For several of those participating in the work session, the often unbearable temperatures in the high school during certain times of the year — and a foul odor that sometimes lingers and sometimes overwhelms — almost seemed to be a symbol of the work that needs to be done at the high school

“If you walk into the school on a wet, sticky day, it smells like a wet dog,” Fisher said. “We have to keep all the windows open and the doors propped open just to keep it ventilated.”

Fisher said that also creates major security issues.

“We have a locked-door, secure facility, but we have doors and windows wide open to ventilate, where someone could walk right in,” he said.

Cael Ruzicka, student school board member, said that the heat in the school is not conducive to learning.

‘I walked into a science room one day and it was 85 degrees and humid, because the teacher had to open up all the windows, probably because of the smell,” Ruzicka said.

Isaiah Tilton, the other student school board member, said the conditions can be “miserable.”

“It’s hard to learn and hard to concentrate,” Tilton said. “Everyone’s sweating.”

“There’s still a prevailing thought among some generations that you don’t need air-conditioning, but human beings have changed,” Fisher said. “Our kids just aren’t used to not being in air-conditioning. It’s difficult during what should be their most productive time of their day.”

“This is a sticking point we see in communities across Iowa, because of aging facilities,” said Jerry Gallagher with Donovan Group, which conducted the survey. “One of the points we try to hammer is the fact that when we all were kids, we maybe didn’t have air conditioning. Everywhere we go today has air conditioning — malls, workplaces, John Deere tractors. Because of that, our bodies have chemically changed. Now we have adjusted to having proper heating and air, and there is data to suggest this. Teaching and learning is impacted in schools that do not have workable heating and air. It is a fact.”

Gallagher said that when he toured the school for the first time, walking from the middle school to the high school was like “night and day.”

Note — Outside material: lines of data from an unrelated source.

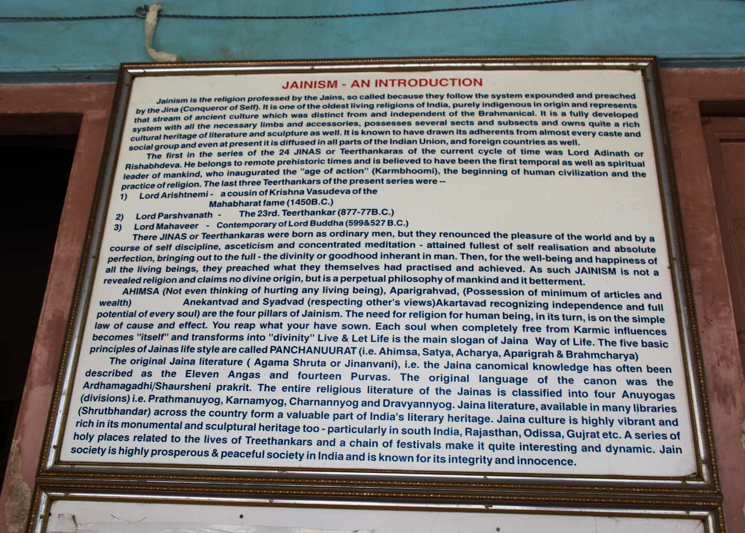 Besucht man einen Jain-Tempel, ist es vor dem Betreten zwingend erforderlich, seine Füße und sogar seinen Mund zu waschen – so sorgt man dafür, dass keine Bakterien eingeschleust werden. Weiters ist es verboten, Ledergegenstände oder eine Kamera mitzunehmen. Menschen, die den Jainismus praktizieren, folgen strikt dem Gesetz der „Ahimsa„, also der Gewaltlosigkeit; deshalb ist ihr Gang oder ihre Sitzart immer nach vorne gerichtet, um nicht aus Versehen Leben zu verletzen oder zu töten. Sie bedecken auch ihren Mund, um nicht versehentlich Keime oder kleine Insekten zu verschlucken.
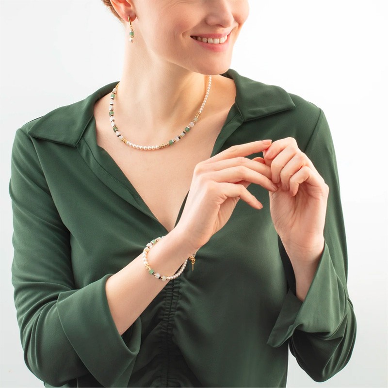 Apportez une touche de nature précieuse à votre style avec les boucles d’oreilles Precious Fusion Offset Or-Vert, référence 4354/21-0500, signées COEUR DE LION. Ces boucles délicates marient subtilement des Crystal Pearls by Swarovski® à de l’aventurine verte, rehaussées par des détails en hématite finition oxyde de titane, pour une élégance douce et contemporaine.
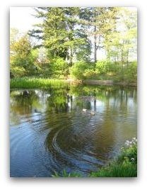 Über wie viele Minikaskaden plätschert das Wasser in diesem Teilstück des Blumengartens?
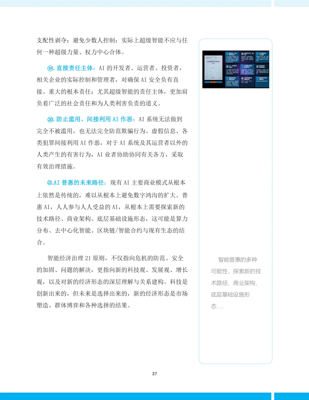 《报告》最后提出《AI发展21原则》,作为智能经济治理的行动框架。其核心思想是:“智能以人类为本”。
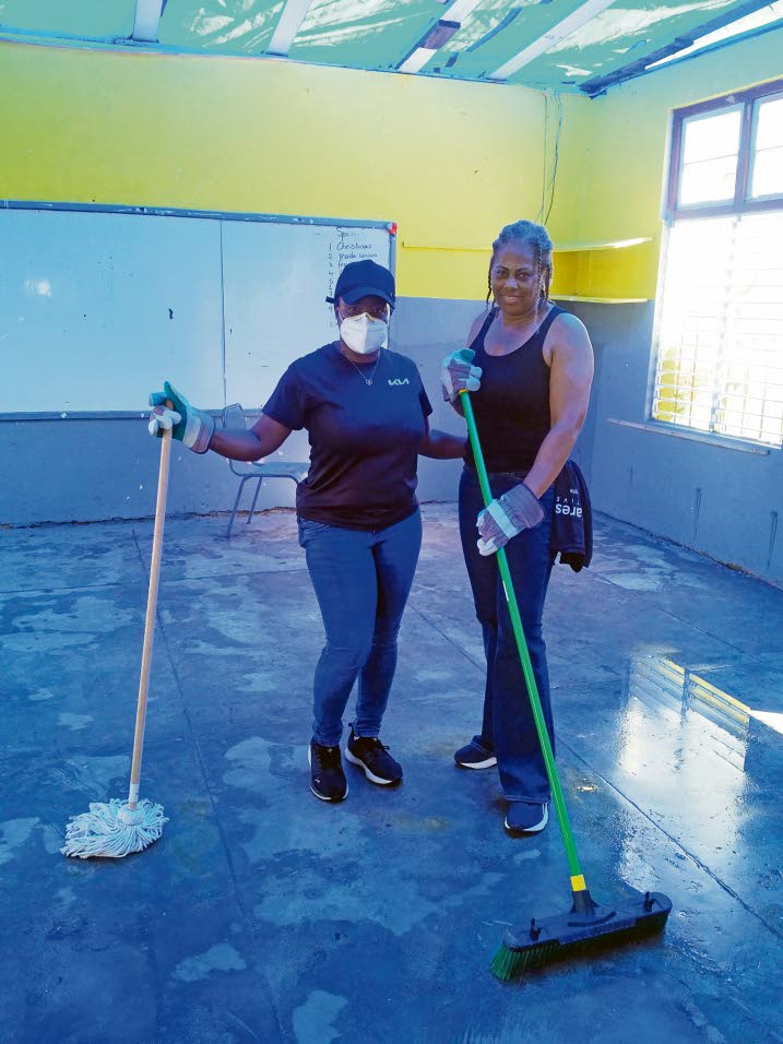 Allamish Creightney (left), sales manager – Kingston, Kia Jamaica, and Shaunette Swaby-McDonald, sales manager – Montego Bay, Kia Jamaica, assist in clean-up efforts at King’s Primary & Infant School in Westmoreland. (Photo: Rory Daley)
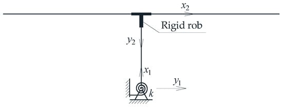 We deduced the analytical formula for calculating the pier-bottom bending moment M based on the acceleration a in the first two asymmetrical vibration modes. The first step was to simplify the rotating structure to a T-shape structure (Figure 6). In particular, the pier and the girder of the rotating structure were simplified to an infinite freedom degree straight rod with infinite axial stiffness. The shear deformations of the pier and of the girder were ignored. The top of the pier and the gravity center of the girder were connected by rigid rod; moreover, the bottom of the pier was hinged to the ground and connected with a rotational spring with stiffness k. For convenience, in the formula the pier is indicated as “rod 1” and the right cantilever beam as “rod 2”. Since it was assumed that the deformations of the left and right cantilevers were antisymmetric in the first antisymmetric vibration mode, the left cantilever was not numbered. The original position of rod 1 in the local coordinate system was at the pier bottom. The positive direction x1 corresponded to the up direction, while the positive direction of y1 corresponded to the right direction. The original position of rod 2 in the local coordinate system was at the cantilever’s support. In this case, the positive direction x2 was the right direction, while the positive direction y2 was the down direction.
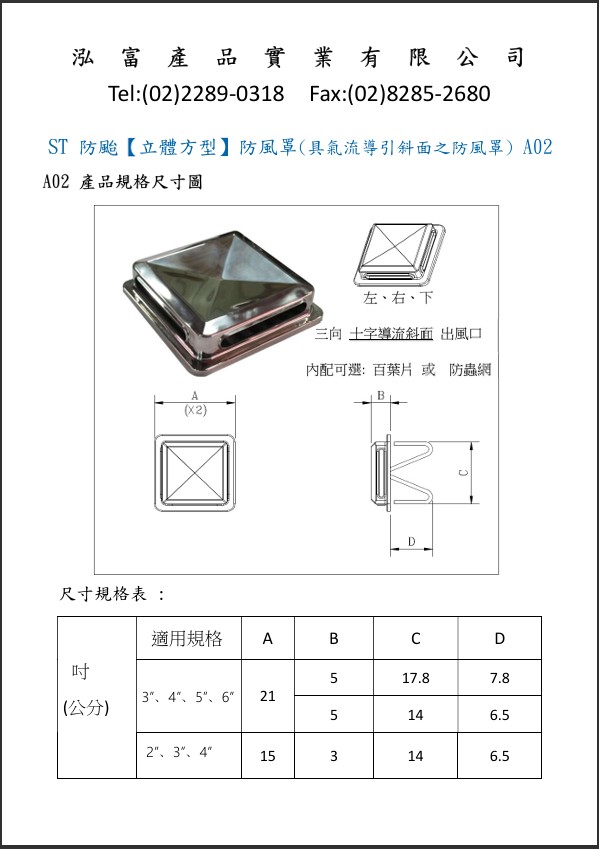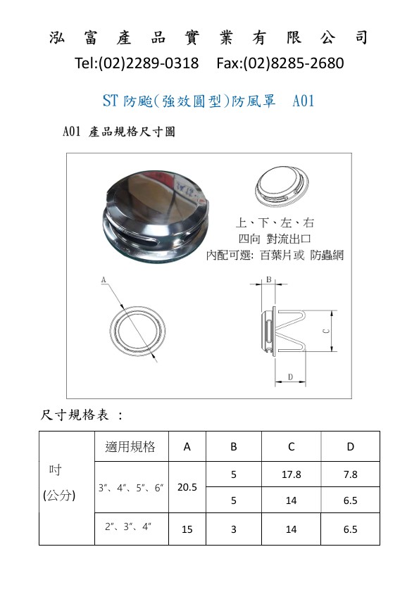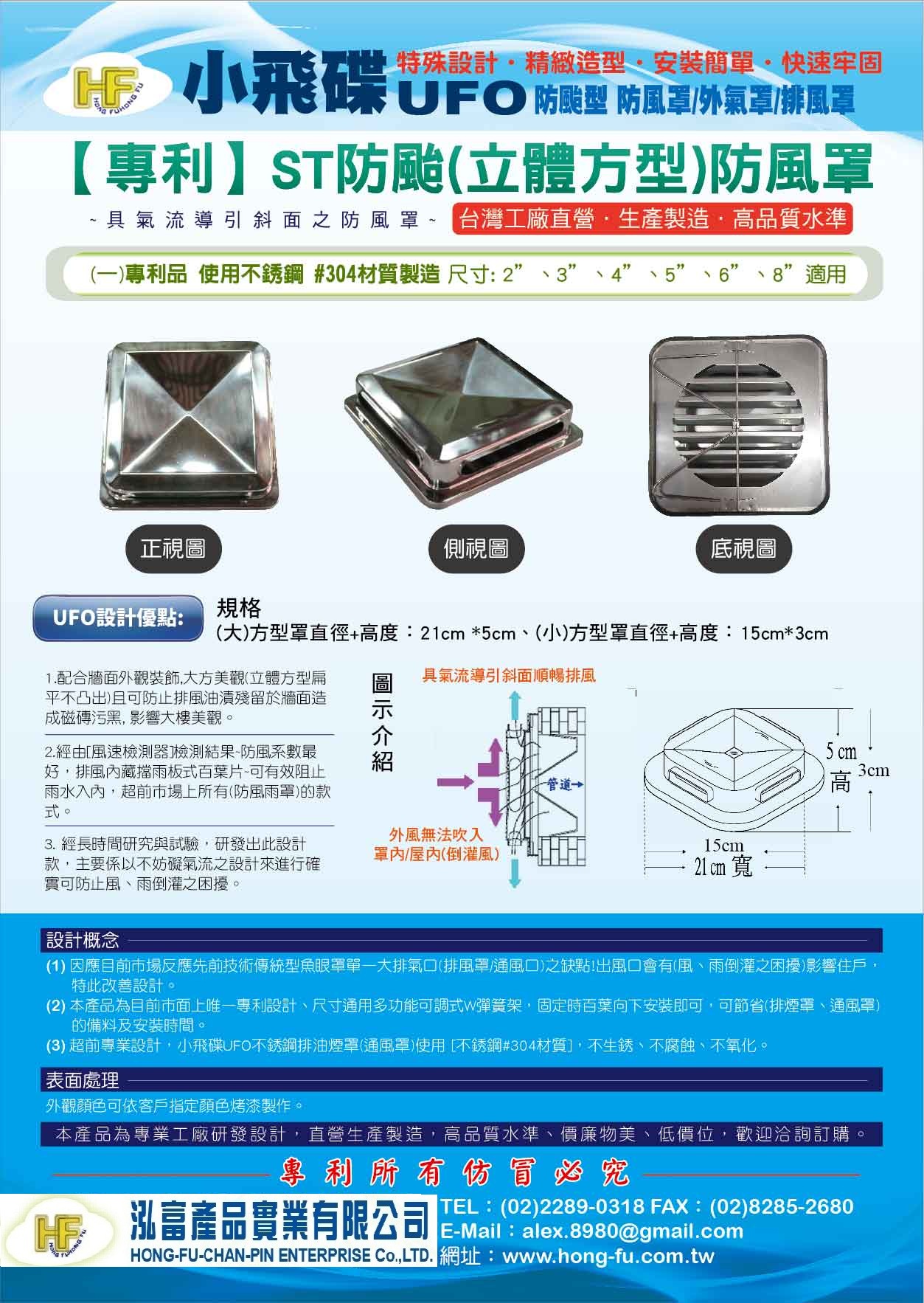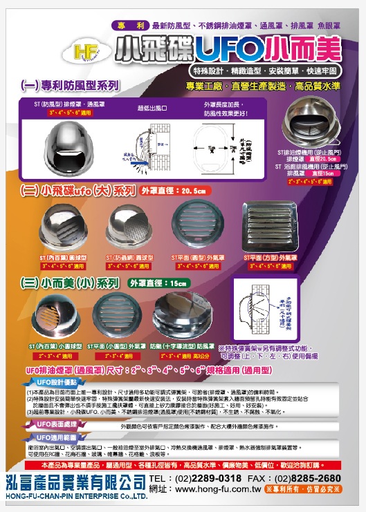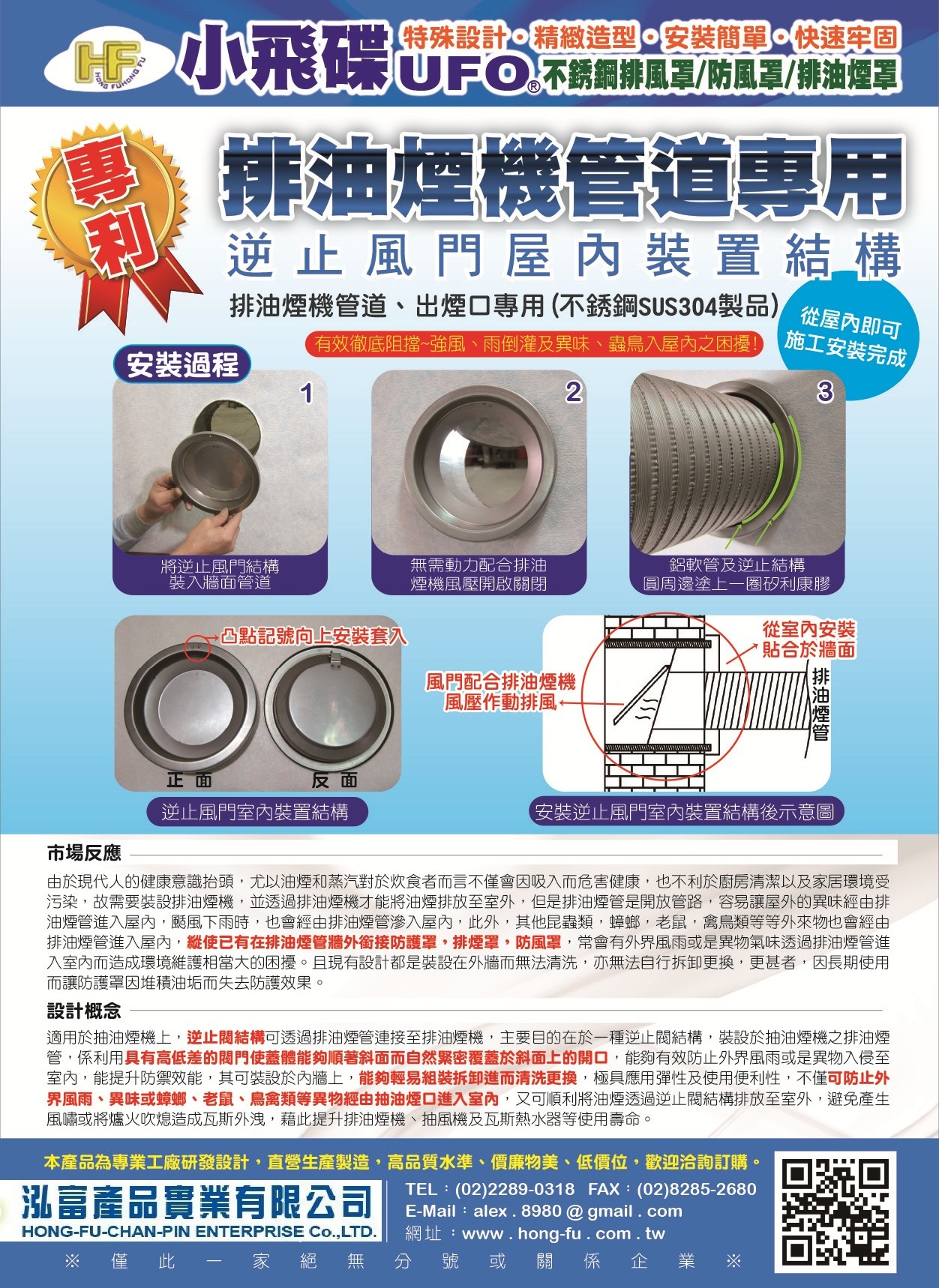 排氣罩、防風罩、排煙罩、方形外氣口、出風口、溢水口、防颱型、立方體、平面、衛浴通氣口、圓形、筒狀、魚眼罩、方形、排煙罩、外氣罩、排風罩、內牆溢水口、外牆溢水口、外牆排風罩、通風罩、不鏽鋼管邊修飾蓋、方形排風罩、 廁所排氣罩、通風口、扁平風罩、專利不銹鋼防風型排氣罩、四角形、逆止風門防風罩、防颱立體方型防風罩、熱水器強制排氣罩、防颱抗風雨型導流盤防風罩、鋁箔軟管、防颱強效圓型防風罩、鋁自由軟管、防颱導流盤防風罩、抗風雨型導流盤防風罩、收邊修飾套環、不銹鋼管邊修飾蓋、防颱3向圓型防風罩、抗風雨型防風罩、屋內逆止風門裝置結構、ST防颱型排煙罩、逆止風門排煙罩、流暢網式防風罩、衛浴室內出口罩、方形圓型衛浴室內出口罩、新北溢水口、新北外氣口、扁平筒型、衛浴室內出口罩、外牆排氣罩、不鏽鋼排油煙罩、橢圓型防風罩、不銹鋼平面方形外氣口、不銹鋼平面圓形外氣口、防風雨式排煙罩、逆止閥、不鏽鋼排煙罩、圓型逆止風門、牆面溢水口、溢水口修飾蓋、大樓管道間渦輪自然通風器、鋁自由管、鋁箔軟管、伸縮軟管、鋁軟管、不保溫軟管、水電五金器材、廚具爐具器材、衛浴設備器材、大樓對外排氣口、排油煙機鋁管、專業台灣製造大樓對外排風口產品、排氣罩裝置

“It was dramatic,” he said. “The smell resonated with me in a way that I have not felt in any other building that I’ve been in Iowa. It’s not just that the smell distracts for learning, it’s a matter of what that smell represents in the school that’s not right.”

Director Scott Dight said that he takes offense to people who say “it was good enough for me, it should be good enough for them.”

“Most of those people … now probably all live in houses now with central air and central heat,” Dight said. “They all have air-conditioning in their cars, because you can’t buy a car without air-conditioning anymore. If it was good enough for you to live in a house without air-conditioning then, why do you have it now that you’re in the 50s, 60s and 70s. It’s not that it was good enough, it was that you didn’t have the option then. You have the option now.”

Mitchell said the cooling and heating issues stem from issues with power conduits collapsing. He said there were constant power outages, and there were several outlets in the gym and in the 600 circle in the high school that don’t work. He said that boiler lines are coming apart, and crawl spaces under the circle are just three feet tall and sometimes full of water, so it’s difficult and sometimes dangerous to get work done.

The water has created mold issues — and likely contributes to the smell — and fans are continually running in the crawl spaces. Mitchell said that the bulk of the school’s electrical system is original — built in 1962.

“At that time, when things were built, your conduit was right in the cement,” he said. “Now the cement is collapsing in, so breakers pop and wires get pinched.”

Fisher said that the assessments from Donovan Group and Estes are just two of many perspectives when it comes to renovation of district facilities. He said he plans to get perspectives from finance, facilities, from the high school staff, from students and community engagement before he’s ready to make a recommendation to the board.

“This will inform our strategy moving forward,” Fisher said. “There are multiple strategies on how to approach asking the community for support.”